ACTIVITY:
In the records below, repeat exactly the lines between the line holding "Оснащен системой взрывной" and the line holding "Pflanzeimer oval Vintage", inclusive, and drop the pictures.

─── MATERIAL PROVIDED

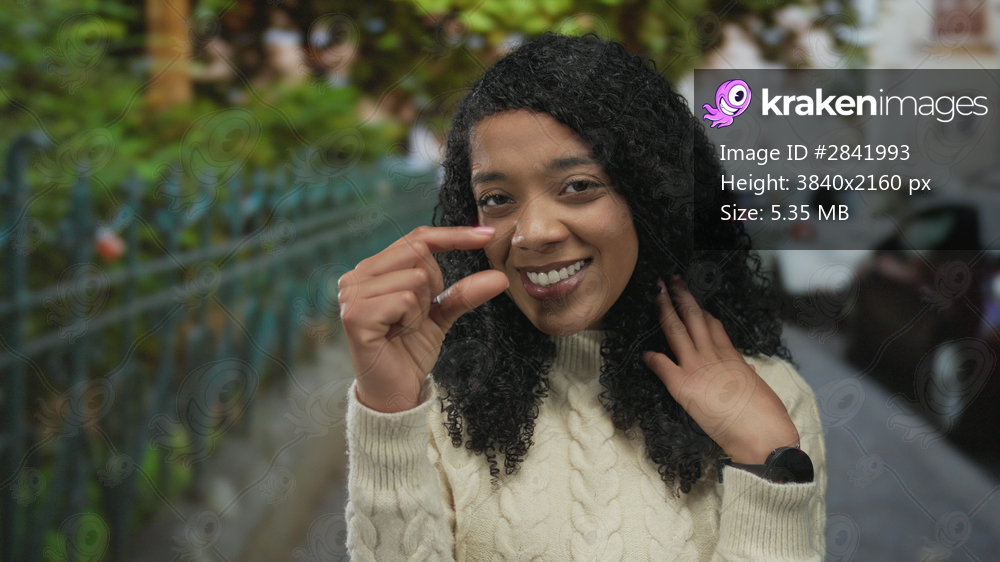 Woman pinches finger to show small size on busy street amid parked cars in daylight; precision determination.
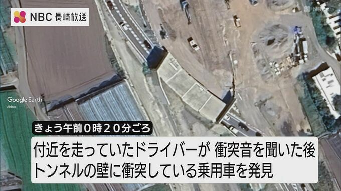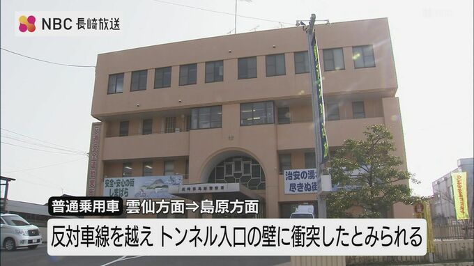 警察によりますと、雲仙方面から島原方面に向け走っていた普通乗用車が、反対車線を越えて、トンネル入口の壁に衝突したとみられるということです。
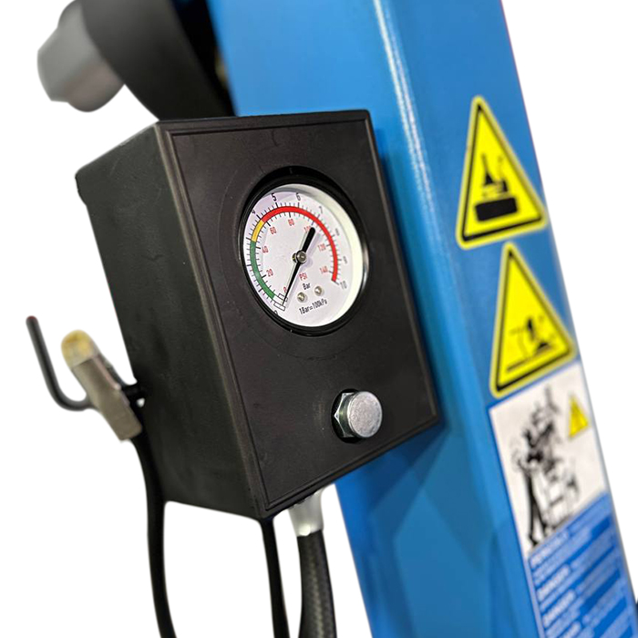 Оснащен системой взрывной накачки” – упрощает и ускоряет монтаж слежавшихся шин на диск, если воздух выходит между шиной и диском во время классической накачки колес при помощи устройства накачивания с педалью управления и манометром.
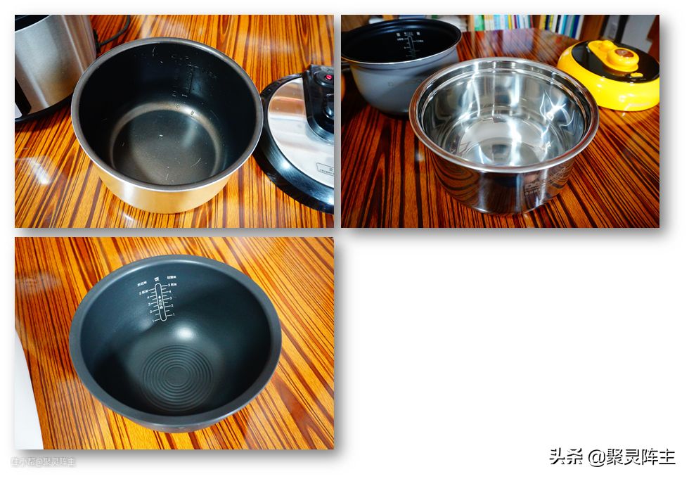 现在的电压力锅的内胆材质有很多,一般来说铝制内胆太low,虽然导热好,但是总感觉不太健康(毕竟现在吃油条大家都要挺小心的)。然后目前市面上常用的内胆材质就还剩下复合材料内胆、不锈钢内胆、铸铁内胆、陶瓷内胆等。以下是后面要评测的几款压力锅的内胆材质实拍。
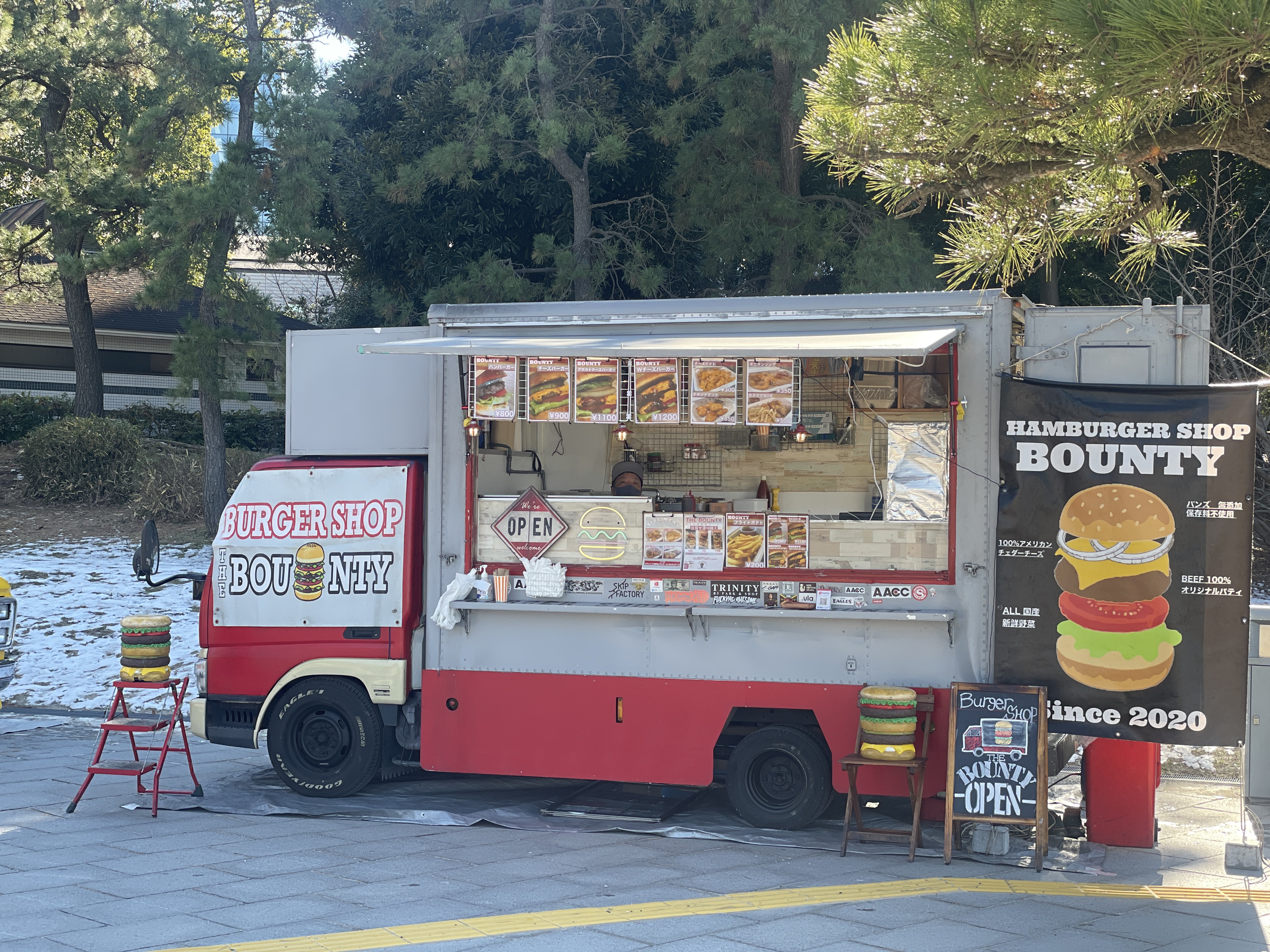 THE BOUNTY のキッチンカーは赤とグレーのお洒落かつ可愛いキッチンカーの作りになっております。
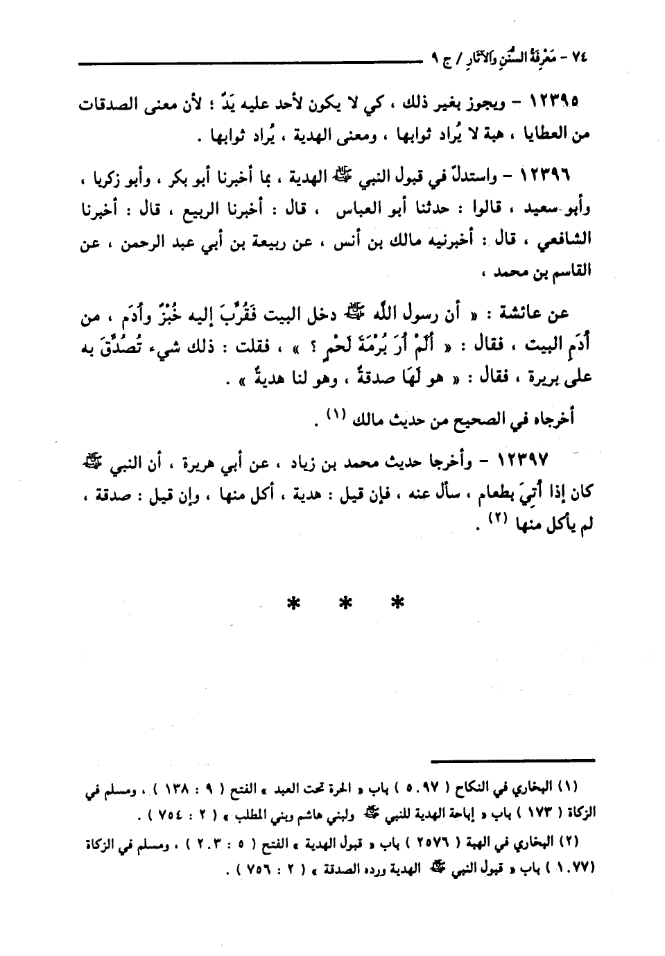 12397 - وَأَخْرَجَا حَدِيثَ مُحَمَّدِ بْنِ زِيَادٍ، عَنْ أَبِي هُرَيْرَةَ: " أَنَّ النَّبِيَّ صَلَّى اللهُ عَلَيْهِ وَسَلَّمَ كَانَ §إِذَا أُتِيَ بِطَعَامٍ سَأَلَ عَنْهُ، فَإِنْ قِيلَ: هَدِيَّةٌ، أَكَلَ مِنْهَا، وَإِنْ قِيلَ: صَدَقَةٌ، لَمْ يَأْكُلْ مِنْهَا "
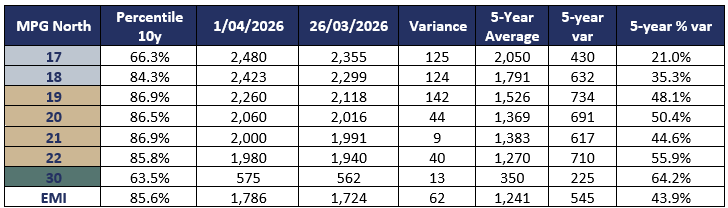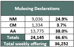 Competition came from a wide range of buyers, with a few companies returning to the top of the list after a brief hiatus from the top four. Exporters have felt increasing pressure on their credit facilities due to the 40% increase in costs year on year, and whilst wool production is down, the volume of wool being offered from previous seasons is keeping the numbers within 3.5% of the previous season.
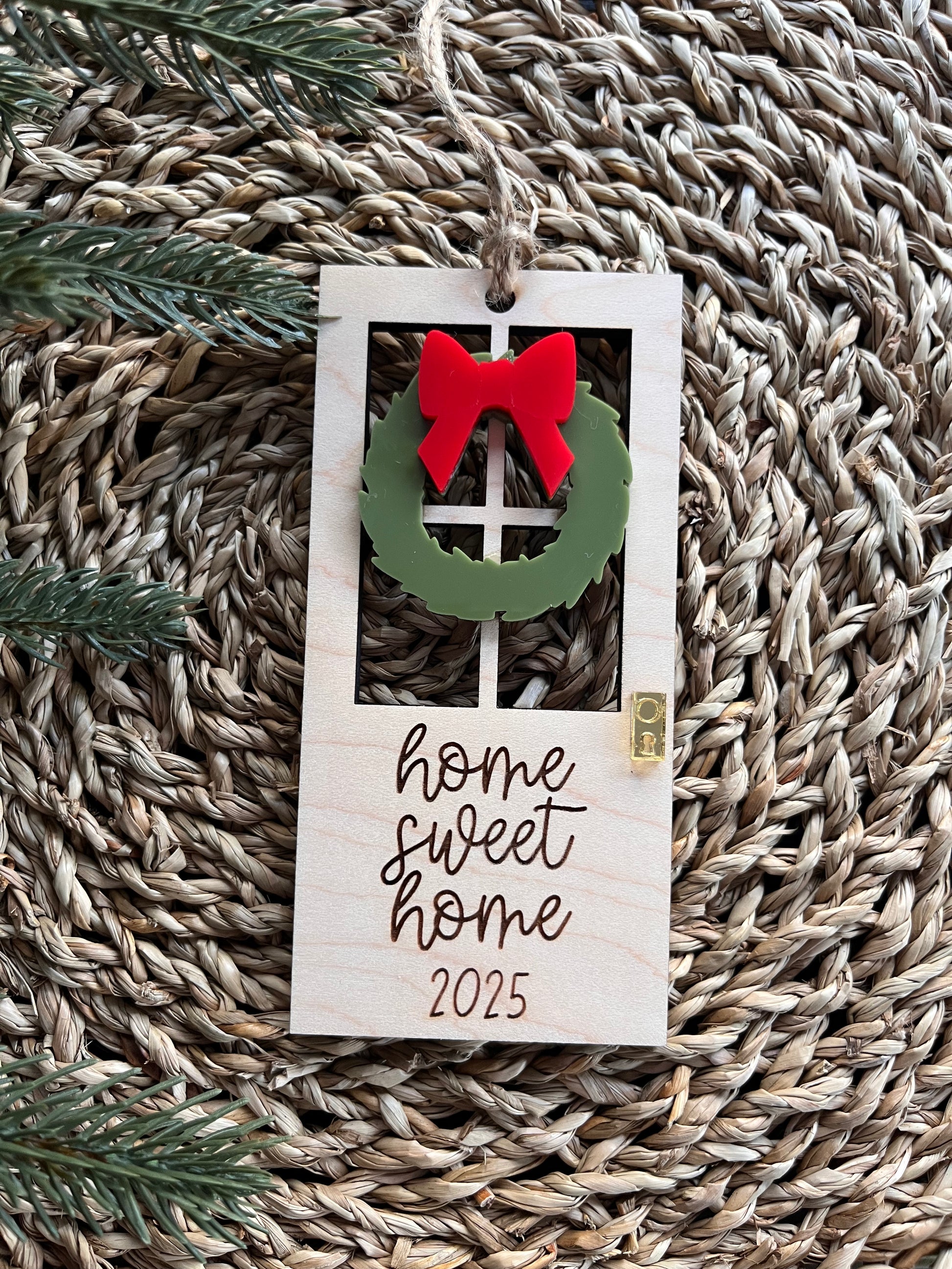 New Home Ornament, laser engraved with "Home Sweet Home 2025" with acrylic wreath and bow
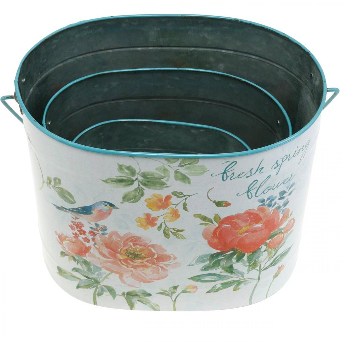Pflanzeimer oval Vintage Frühlingsdeko Pflanzkübel Metall 26/22/17cm 3er-Set
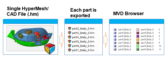 - A single CAD file will be the input. Each part inside the file will be physically separated and exported to create part structure.
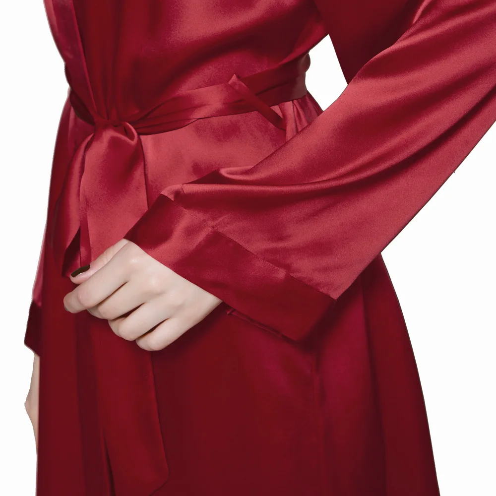 LILYSILK Peignoir en pure soie pour femme, kimono de luxe à manches longues et cravate

──────

ANSWER BOX:
 Оснащен системой взрывной накачки” – упрощает и ускоряет монтаж слежавшихся шин на диск, если воздух выходит между шиной и диском во время классической накачки колес при помощи устройства накачивания с педалью управления и манометром.
 现在的电压力锅的内胆材质有很多,一般来说铝制内胆太low,虽然导热好,但是总感觉不太健康(毕竟现在吃油条大家都要挺小心的)。然后目前市面上常用的内胆材质就还剩下复合材料内胆、不锈钢内胆、铸铁内胆、陶瓷内胆等。以下是后面要评测的几款压力锅的内胆材质实拍。
 THE BOUNTY のキッチンカーは赤とグレーのお洒落かつ可愛いキッチンカーの作りになっております。
 12397 - وَأَخْرَجَا حَدِيثَ مُحَمَّدِ بْنِ زِيَادٍ، عَنْ أَبِي هُرَيْرَةَ: " أَنَّ النَّبِيَّ صَلَّى اللهُ عَلَيْهِ وَسَلَّمَ كَانَ §إِذَا أُتِيَ بِطَعَامٍ سَأَلَ عَنْهُ، فَإِنْ قِيلَ: هَدِيَّةٌ، أَكَلَ مِنْهَا، وَإِنْ قِيلَ: صَدَقَةٌ، لَمْ يَأْكُلْ مِنْهَا "
 Competition came from a wide range of buyers, with a few companies returning to the top of the list after a brief hiatus from the top four. Exporters have felt increasing pressure on their credit facilities due to the 40% increase in costs year on year, and whilst wool production is down, the volume of wool being offered from previous seasons is keeping the numbers within 3.5% of the previous season.
 New Home Ornament, laser engraved with "Home Sweet Home 2025" with acrylic wreath and bow
Pflanzeimer oval Vintage Frühlingsdeko Pflanzkübel Metall 26/22/17cm 3er-Set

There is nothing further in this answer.